- Interactive map of Tapapa
- Coordinates: 37°59′13″S 175°50′31″E﻿ / ﻿37.987°S 175.842°E
- Country: New Zealand
- Region: Waikato
- Territorial authority: South Waikato District
- Ward: Tīrau Ward
- Electorates: Waikato; Te Tai Hauāuru (Māori);

Government
- • Territorial Authority: South Waikato District Council
- • Regional council: Waikato Regional Council
- • Mayor of South Waikato: Gary Petley
- • Waikato MP: Tim van de Molen
- • Te Tai Hauāuru MP: Debbie Ngarewa-Packer

Area
- • Total: 146.62 km^{2} (56.61 sq mi)

Population (2023 census)
- • Total: 615
- • Density: 4.19/km^{2} (10.9/sq mi)
- Time zone: UTC+12 (NZST)
- • Summer (DST): UTC+13 (NZDT)
- Postcode: 3410
- Area code: 07

= Tapapa =

Tapapa (Tāpapa) is a rural community in the Waikato region of New Zealand's North Island.

==Marae==
Tapapa has two marae within the area:

- Tāpapa Marae is a traditional meeting ground for the Ngāti Raukawa hapū of Ngāti Tūkorehe, Rangitawhia and Te Rangi. In October 2020, the Government committed $1,259,392 from the Provincial Growth Fund to upgrade Tāpapa Marae and 7 other Ngāti Raukawa marae, creating 18 jobs.
- Ruapeka Marae and Rangimarie meeting house is a meeting place of the Ngāti Raukawa hapū of Ngāti Tūkorehe. In October 2020, the Government committed $497,510 from the Provincial Growth Fund to upgrade the Ruapeka Marae, creating an estimate 68 jobs.

==Demographics==
Tapapa locality covers 146.62 km2 It is part of the larger Tīrau statistical area.

Tapapa had a population of 615 in the 2023 New Zealand census, an increase of 54 people (9.6%) since the 2018 census, and an increase of 90 people (17.1%) since the 2013 census. There were 309 males and 297 females in 213 dwellings. 2.9% of people identified as LGBTIQ+. There were 144 people (23.4%) aged under 15 years, 90 (14.6%) aged 15 to 29, 291 (47.3%) aged 30 to 64, and 84 (13.7%) aged 65 or older.

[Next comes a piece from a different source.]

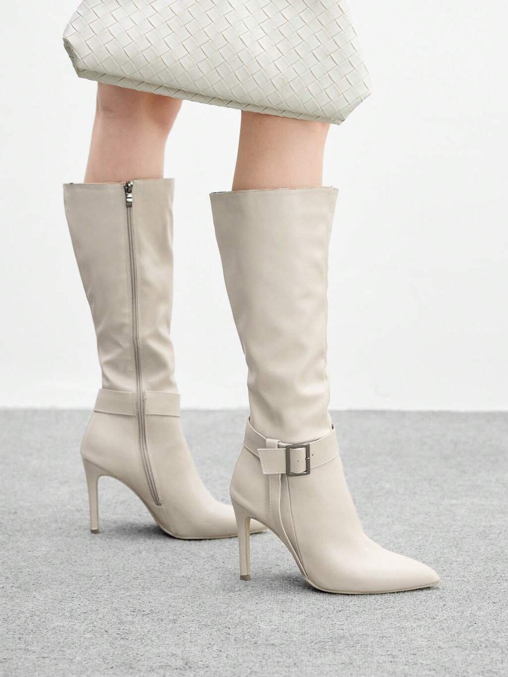 CUCCOO BIZCHIC Elegant Pointed Toe High Heel Ankle Boots, Beige High-Quality Commuter Boots, Fashionable & Versatile New Tall Boots, Showcasing Feminine Charm & Elegant

People could identify as more than one ethnicity. The results were 85.9% European (Pākehā), 24.9% Māori, 2.4% Pasifika, 1.0% Asian, and 2.0% other, which includes people giving their ethnicity as "New Zealander". English was spoken by 95.6%, Māori by 3.9%, Samoan by 1.0%, and other languages by 3.4%. No language could be spoken by 3.4% (e.g. too young to talk). New Zealand Sign Language was known by 1.5%. The percentage of people born overseas was 12.2, compared with 28.8% nationally.

Religious affiliations were 25.9% Christian, 0.5% Islam, 1.0% Māori religious beliefs, 0.5% Buddhist, 1.0% New Age, and 1.0% other religions. People who answered that they had no religion were 60.5%, and 9.3% of people did not answer the census question.

Of those at least 15 years old, 66 (14.0%) people had a bachelor's or higher degree, 291 (61.8%) had a post-high school certificate or diploma, and 102 (21.7%) people exclusively held high school qualifications. 69 people (14.6%) earned over $100,000 compared to 12.1% nationally. The employment status of those at least 15 was 270 (57.3%) full-time, 78 (16.6%) part-time, and 21 (4.5%) unemployed.

==Education==
Tapapa School was open by 1898 and voluntarily merged with Okoroire School in 2003 on the latter school's site to form Kuranui Primary School.